The remarks by Snowden, whose leaks about highly classified U.S. surveillance programs shook the NSA and prompted limited reforms by President Barack Obama, were his most extensive to date on his relations with his host government.
Current and former U.S. intelligence officials have said it is unlikely Russian security services have not squeezed Snowden for secrets.
"I think he is now being manipulated by Russian intelligence," former NSA director Keith Alexander said last month.
But Snowden - who said he wants to return to the United States - said he destroyed classified materials before transiting to a Moscow airport, where he was prevented from onward travel.
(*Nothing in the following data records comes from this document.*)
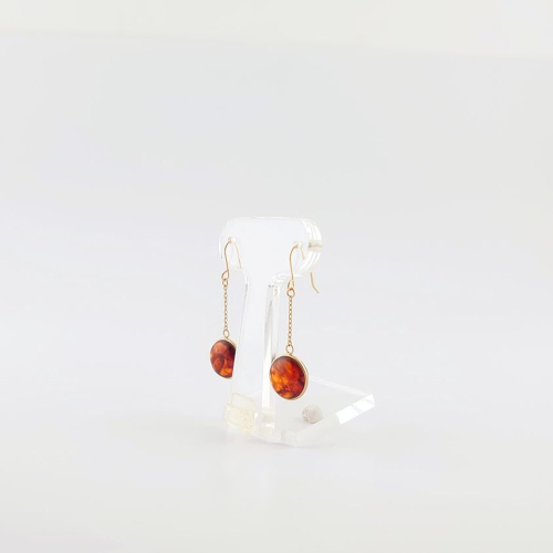 • Amberlogue ピアス 丸(金属素材:K10 琥珀:直径9mm サイズ:全長28mm)
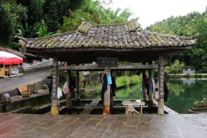 繼續(xù)沿著小河和荷塘走,每隔一段會(huì)有一個(gè)古樸典雅的小亭子,在水邊矗立,村婦在小亭子里洗衣,這是全國(guó)獨(dú)有的洗衣亭,在和順有六座。洗衣亭可以洗衣,納涼,也可以遙望遠(yuǎn)方,寄托相思。
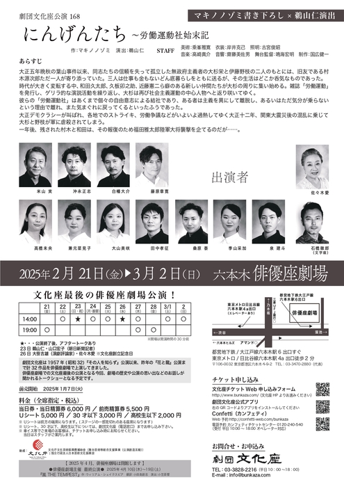 劇団文化座公演168『にんげんたち~労働運動社始末記』が2025年2月21日 (金) 〜 2025年3月2日 (日)に俳優座劇場(東京都 港区 六本木 4-9-2)にて上演されます。
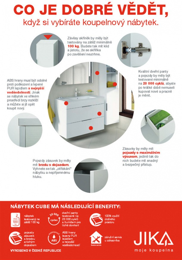 Nábytek Jika se kromě příznivé ceny charakterizuje vysokou odolností proti vlhkosti i mechanickému poškození. K jeho zhotovování se používají jen ta nejkvalitnější lepidla. ABS hrany o tloušťce 2 a 0,8 mm jsou z materiálu s vysokou odolností proti mechanickému poškození. Používá se nábytkové kování od vyhlášených firem, např. od společnosti Hettich, které je osazeno zpomalovači dovírání. Testují se ve spojení s nábytkem na 20 000 cyklů otevření a zavření. Také závěsné kování je testováno na dodatečnou zátěž 100 kg. Díky značné hustotě dřevotřískové desky (např. výrobce Egger), ze které jsou zhotoveny korpusy, je materiál pevnější v ohybu a v uchycení vrutů. Navíc má minimální emise formaldehydu – emisní třída E1 – E1/2. Povrchy dřevotřískových desek jsou opatřeny laminovou fólií o gramáži 100 g/m2. Na čílka zásuvek a skříněk, např. u nábytku Cubito, používáme MDF s vysoce lesklým 5vrstvým PUR lakem. Vzhled lakované plochy se nemění, nestárne, nežloutne, neboť obsahuje UV filtry.
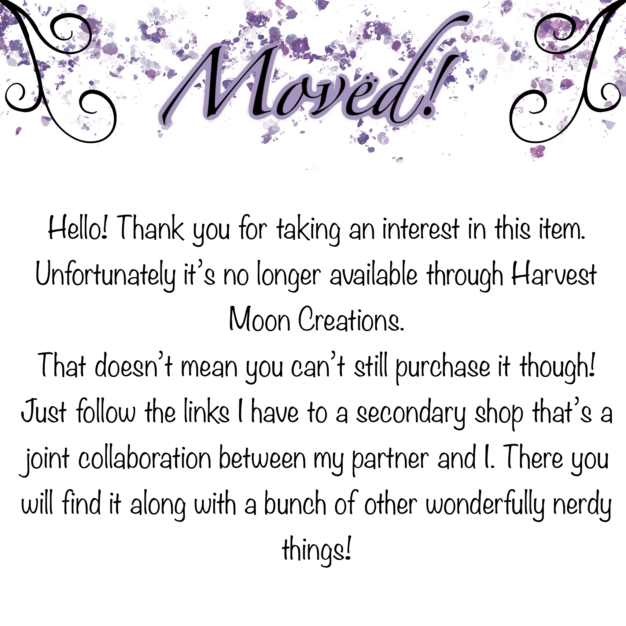 Unfortunately this item has been moved to another shop, a shop collaboration between my partner and I. Check out Nerd-Archives.storenvy

"I took nothing to Russia, so I could give them nothing," he told NBC's Brian Williams in the hour-long interview.
Later in the interview, Snowden briefly criticized the crackdown on freedom of expression under Russian President Vladimir Putin.
Casting himself as a defender of privacy and civil liberties, he deemed it "frustrating" to "end up stuck in a place where those rights are being challenged in ways that I would consider deeply unfair."
Snowden, who fled to Hong Kong and then Moscow last year, is believed to have accessed about 1.5 million secret documents, U.S. officials have said, although how many he actually took is unclear. The leaked documents revealed massive programs run by the NSA that gathered information on emails, phone calls and Internet use including, in many cases, by Americans.
He was charged last year in the United States with theft of government property, unauthorized communication of national defense information and willful communication of classified intelligence to an unauthorized person.
"If I could go anywhere in the world, that place would be home," Snowden said.
U.S. officials said he was welcome to return to the United States if he wanted to face justice for leaking details of massive U.S. intelligence-gathering programs.
Secretary of State John Kerry invited Snowden to "man up and come back to the United States." "The bottom line is this is a man who has betrayed his country, who is sitting in Russia, an authoritarian country where he has taken refuge," Kerry told the CBS "This Morning" program on Wednesday.
Snowden made clear he would not return to the United States and hope for the best. He said he would not simply "walk into a jail cell," and that if his one-year asylum in Russia, which expires on Aug. 1, "looks like it’s going to run out, then of course I would apply for an extension."
The Guardian newspaper quoted Ben Wizner, a lawyer for the American Civil Liberties Union and legal adviser to Snowden, responding to Kerry's comments. Wizner said it would be impossible for Snowden to argue that his disclosures had served the common good if he returned home to face the current Espionage Act charges.
He also said Snowden would run the risk of facing numerous additional charges for each document that has been published.
"The exposure that he faces is virtually unlimited under this," Wizner said.
In one odd moment in the NBC interview, Snowden expressed sympathy for working-level NSA employees who have been castigated as a result of his leaks.
"People have demonized the NSA to a point that's too extreme," he said, adding that the problem is with senior-level officials who expand their surveillance powers without public debate.